Т. Филиппов, позднее один из самых махровых русских консерваторов, в свои почтенные года пытался всем доказать, что он чуть ли не с пеленок был православным монархистом и потому успешно обращал в свою веру сперва Островского, потом Григорьева. Слава Богу, сохранились документы, разоблачающие эти фантазии: письмо Филиппова к Эдельсону от 12 апреля 1847 года и совместное письмо Филиппова и Островского к тому же адресату от 28 февраля 1848 года. Письма полны юного задора, любви к переменам, двусмысленных намеков. В первом письме Филиппов восхищается весенним преображением природы, совершающей «эманципацию»; «А время эманципации, ты знаешь, и в истории народов, и в жизни развивающегося человека, и в природе, имеет для меня особую прелесть» — а в сороковых годах термин «эмансипация» употреблялся в чисто социальном смысле: освобождение крестьян и освобождение женщины. Во втором письме шутливый рассказ о начавшейся французской революции свидетельствует скорее о симпатии, чем об осуждении. Письма совершенно западнические, совершенно либеральные, совершенно не консервативные.
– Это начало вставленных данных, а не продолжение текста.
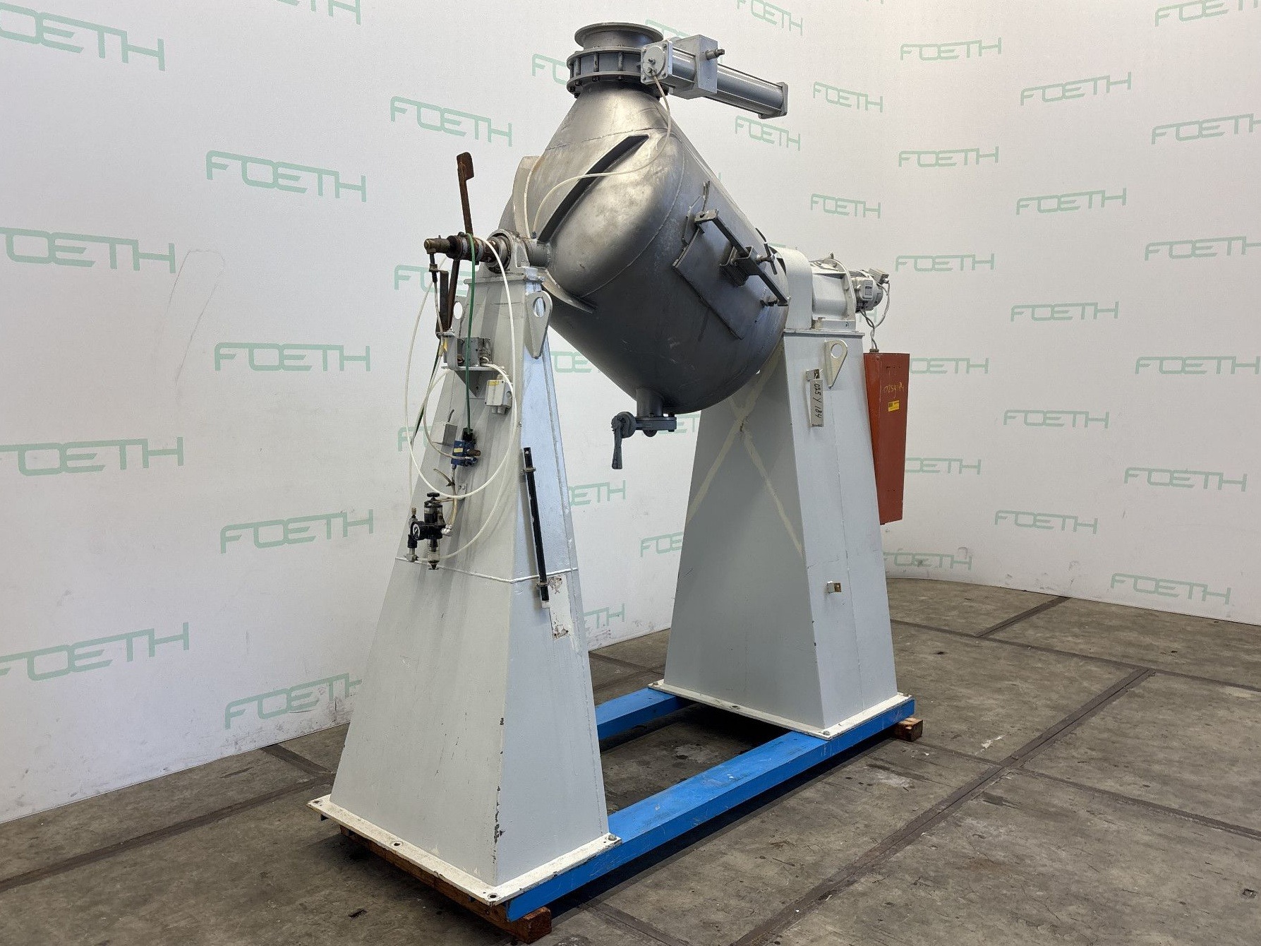 General SKU024B115 LocationBarneveld MakeServolift/Scholl TypeNG-1200 No.90117 Main Features MaterialStainless steel Volume800 Ltr. Specified Features - Tumbler mixer MaterialStainless steel 1.4301 (304) Tumbler mixerSystem Sandoz-Scholl (1x) Polished insidecheck Capacity1200 Ltr, Useful capacity 800 Ltr Diameter1400mm Length/Depth1900mm Inlet/manhole dia. 390mm Outletdia. 250mm With motor(hydraulic drive unit) 7,5 KW, 380/660 Volt Information Year of construction1990 With switchgearcheck Floorspace1,4 x 1,6 M (+ 1,4 x 0,7 M hydr. unit) Total height4,8 M Weight1500 + 370 KGTumbler mixersDiscountServoliftMixers > Tumbler mixersDiscountBrand > Servolift What you can expect from Foeth: -- Machine is in working condition -- At a reduced price compared to new -- Ready for shipping to any destination worldwide -- You are welcome to inspect the machine in Barneveld, The ...

Переход к противоположному мировоззрению начался у друзей, особенно у Филиппова, явно позднее, скорее всего — под воздействием душной реакции, наступившей в России после европейских революций 1848 года. В шутливом «Послании к друзьям моим…» (начало 1850-х годов) Григорьев писал:


Ты ci-devant[4] социалист

И беспощадный атеист,

А ныне весь ушедший в Бога,

Ф<илиппов> мой, кого на памяти моей

Во Ржеве развратил премудрый поп Матвей.



Поп Матвей — это тот самый священник, который оказал сильное мистическое воздействие на умирающего Гоголя.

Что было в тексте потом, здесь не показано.